You then have to post the "slide" as the PR was crystal clear. Otherwise the context and reference is unclear and/or not referenced. Just copy Proto! 😎
X, I believe you are referring to the Lightwave SHM slide #14, see link below and scroll until that graph.
You will notice this slide talks about "LWLG EO polymers are uniquely resistant to de-poling due to high Tg"
I did my own further AI searches to better understand Tg, and also included the search word "diamondoids" as my past research on that petroleum complex carbon chain product was very revealing on how diamondoids can stabilize the polymers that have been poled as they operate. That search was prompted by the LWLG Jan 2022 Diamondoids patent registration. The AI search is further below.

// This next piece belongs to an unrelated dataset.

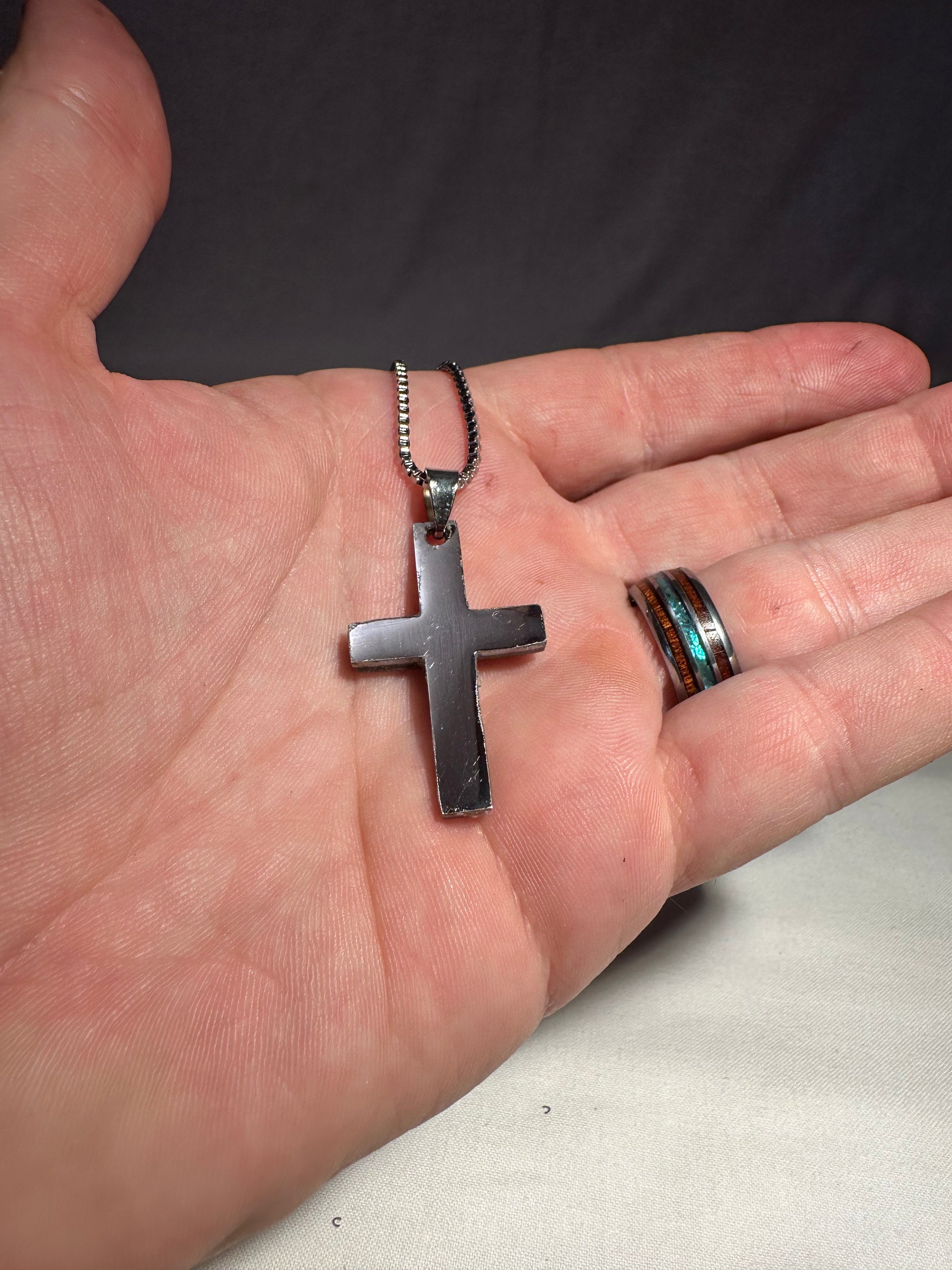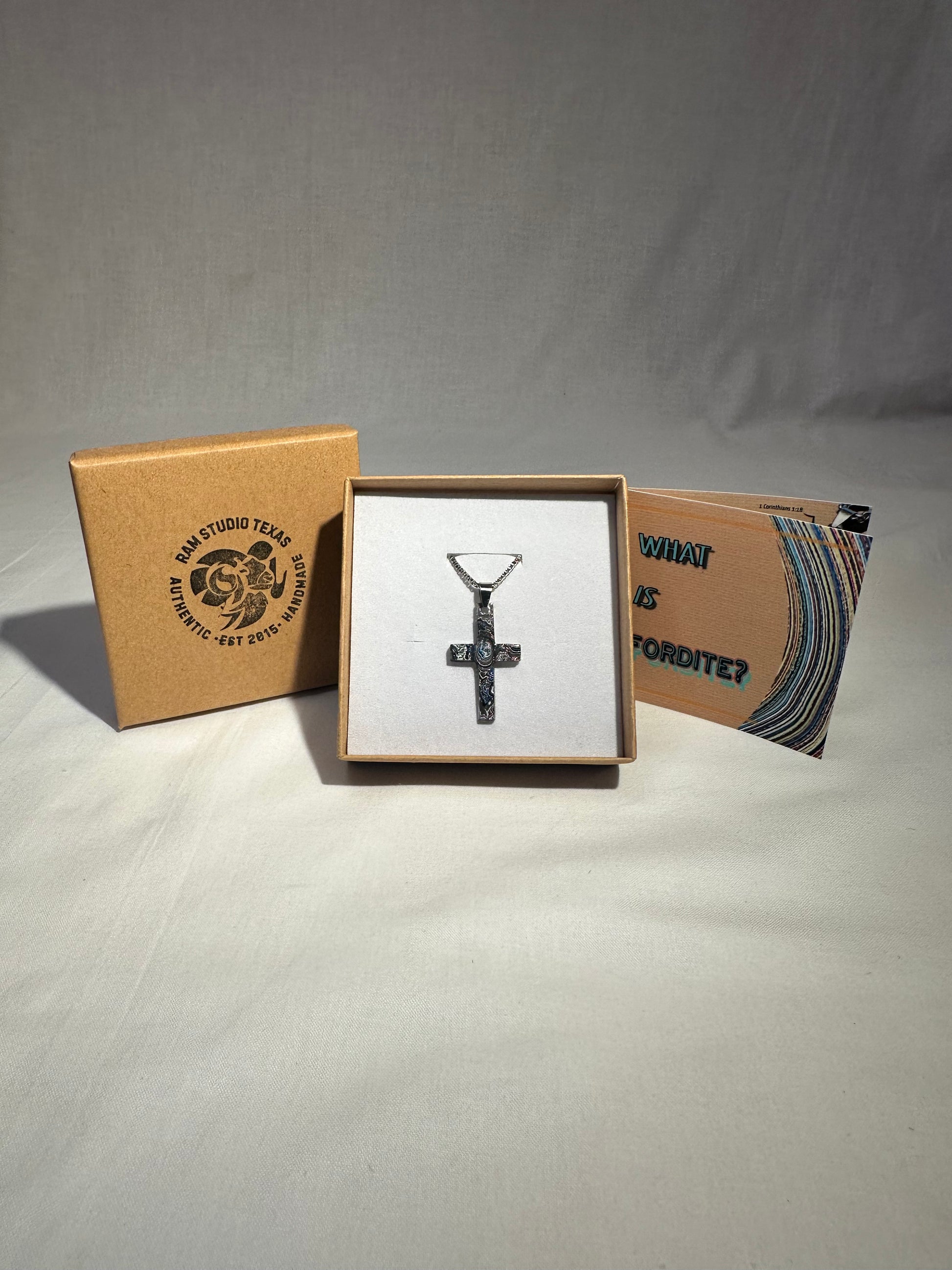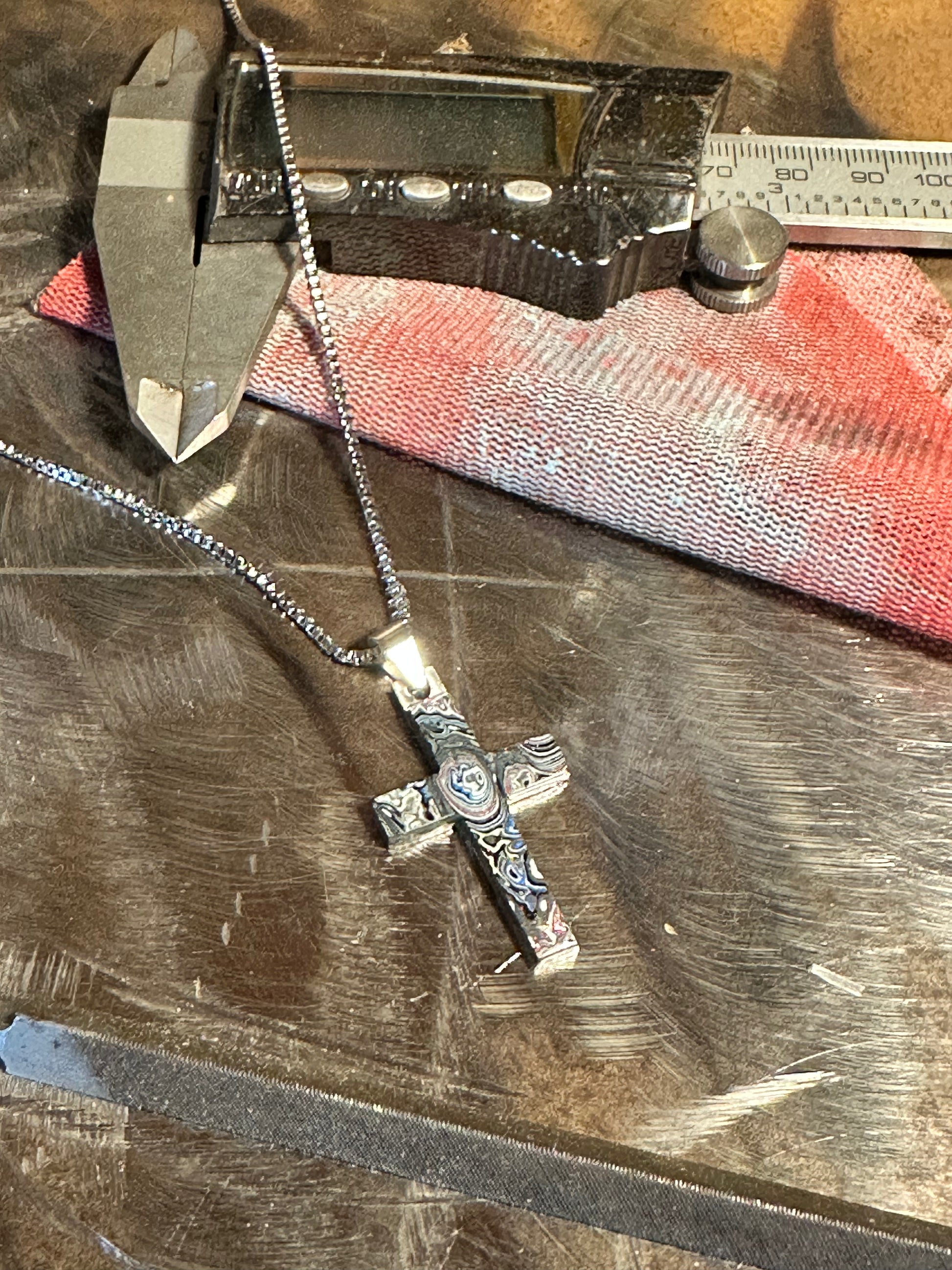 Each cross is handmade in Fort Worth, Texas. Sanded and polished to reveal the specific color bands you see here. Chosen for their texture, balance, and beauty.

AI Overview Yes, incorporating diamondoids into polymers can lead to a significant increase in the glass transition temperature (Tg).
Here's why:
Steric hindrance: Diamondoids are bulky, rigid cage-like molecules. When introduced as pendant groups or into the polymer backbone, they hinder the rotational and segmental motion of the polymer chains.
Reduced chain mobility: Restricted chain movement means that a higher temperature (thus a higher Tg) is required to overcome these restrictions and allow the polymer to transition from a rigid, glassy state to a more flexible, rubbery state. Increased stiffness: This restricted mobility also translates into increased chain stiffness, which further contributes to a higher Tg.
Enhanced intermolecular forces: Depending on the specific diamondoid and polymer, diamondoids can also increase intermolecular forces, further limiting chain mobility and boosting Tg.
Examples Copolymers containing adamantyl methacrylate showed improved Tg and mechanical properties. Polyamides incorporating 1,6- or 4,9-diamantylene groups exhibited improved thermal stability and retained their storage modulus at temperatures above 350°C.
The Tg of poly(alpha-arylTMC)s could be varied significantly by modifying the pendant groups with bulky naphthyl rings, showing a Tg of 97 °C with a bromo-naphthyl pendant group, a 117°C improvement over poly(TMC).
In summary Diamondoids, due to their bulky structure, can effectively restrict the movement of polymer chains, leading to a higher glass transition temperature and enhanced thermal stability and mechanical properties.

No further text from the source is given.